How does gene therapy function in genetic disease treatment?

Gene therapy involves the insertion of healthy genes into cells to treat genetic diseases.

Gene therapy is a promising approach to treating genetic diseases caused by mutations in a single gene. The therapy involves the insertion of a healthy copy of the defective gene into the patient's cells to replace the faulty gene. The healthy gene can be delivered into the cells using a viral vector, which is a modified virus that can infect cells and deliver the new gene. Alternatively, the gene can be delivered using non-viral methods, such as electroporation or lipofection.

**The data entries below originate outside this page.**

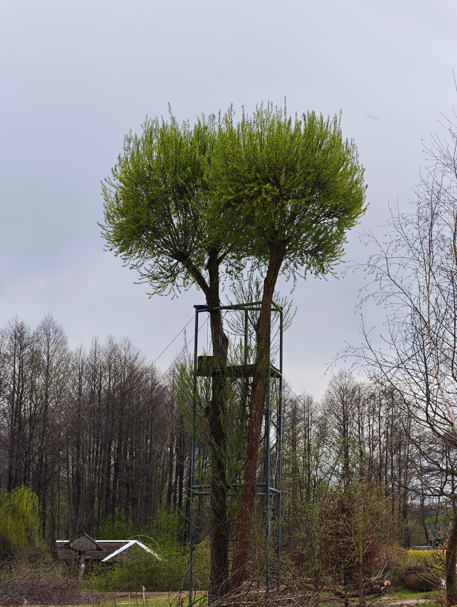 The image depicts a tree in Капцёўскі сельскі Савет, Belarus. The tree's trunk splits into two, and a metal structure surrounds the base and lower branches. The tree's foliage is dense and green. In t…read more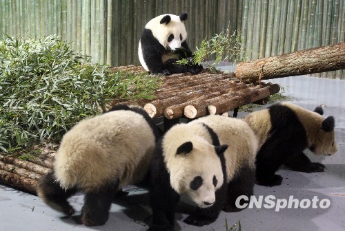 1月5日,由卧龙中国保护大熊猫研究中心精心遴选的10只“世博熊猫”经空运抵达上海,搬入上海动物园的新家。这10只大熊猫将与上海世博会的吉祥物‘海宝’一起,迎接世博会的来临。届时,海内外游客在参观上海世博会的同时还可领略中国大熊猫的风采。中新社发 汤彦俊 摄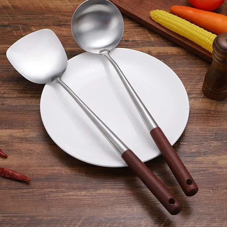 304 스테인레스 스틸 볶음 삽 수프 스푼 가정용 상업용 요리사 볶음 삽 수프 스푼 긴 나무 손잡이 주방용품 세트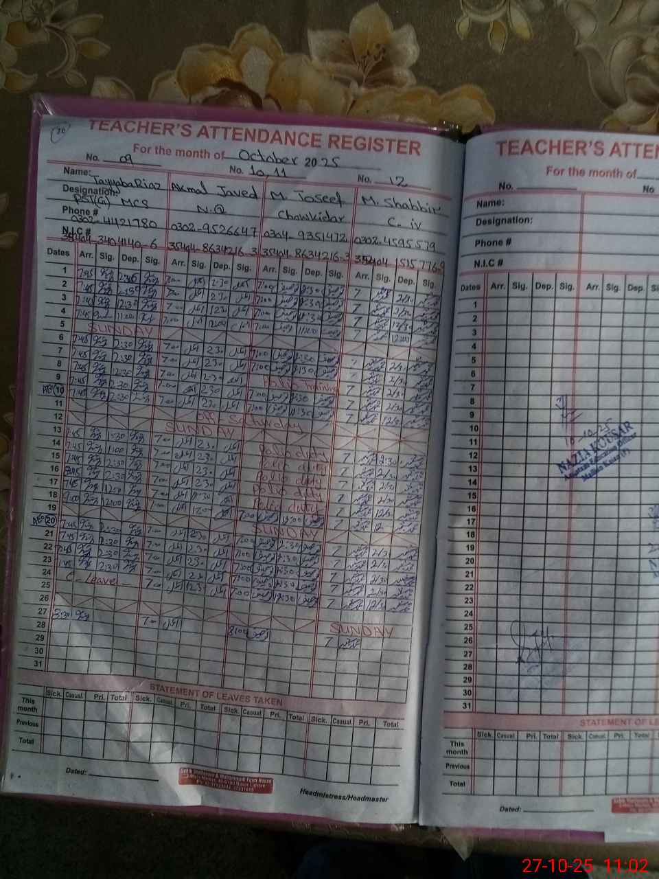 | CNIC | Full Name | Designation | R/C | Absence During Last Calender Month |
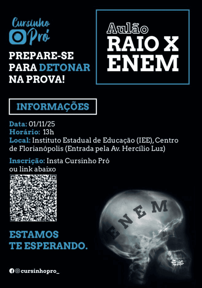 O Cursinho Pró Universidade promove no dia 1º de novembro de 2025, em Florianópolis, o Aulão Raio X ENEM, um grande encontro gratuito voltado para estudantes que buscam uma preparação intensiva e divertida para o Exame Nacional do Ensino Médio (ENEM).

Once the healthy gene is inserted into the cells, it can produce the functional protein that was missing or defective due to the mutation. This can help to alleviate the symptoms of the genetic disease and improve the patient's quality of life. However, gene therapy is still in its early stages and there are many challenges that need to be overcome, such as ensuring that the new gene is inserted into the correct cells and that it is expressed at the right level.

Despite these challenges, gene therapy has shown promising results in clinical trials for several genetic diseases, including cystic fibrosis, haemophilia, and severe combined immunodeficiency (SCID). With further research and development, gene therapy has the potential to revolutionise the treatment of genetic diseases and offer hope to patients who previously had no effective treatment options.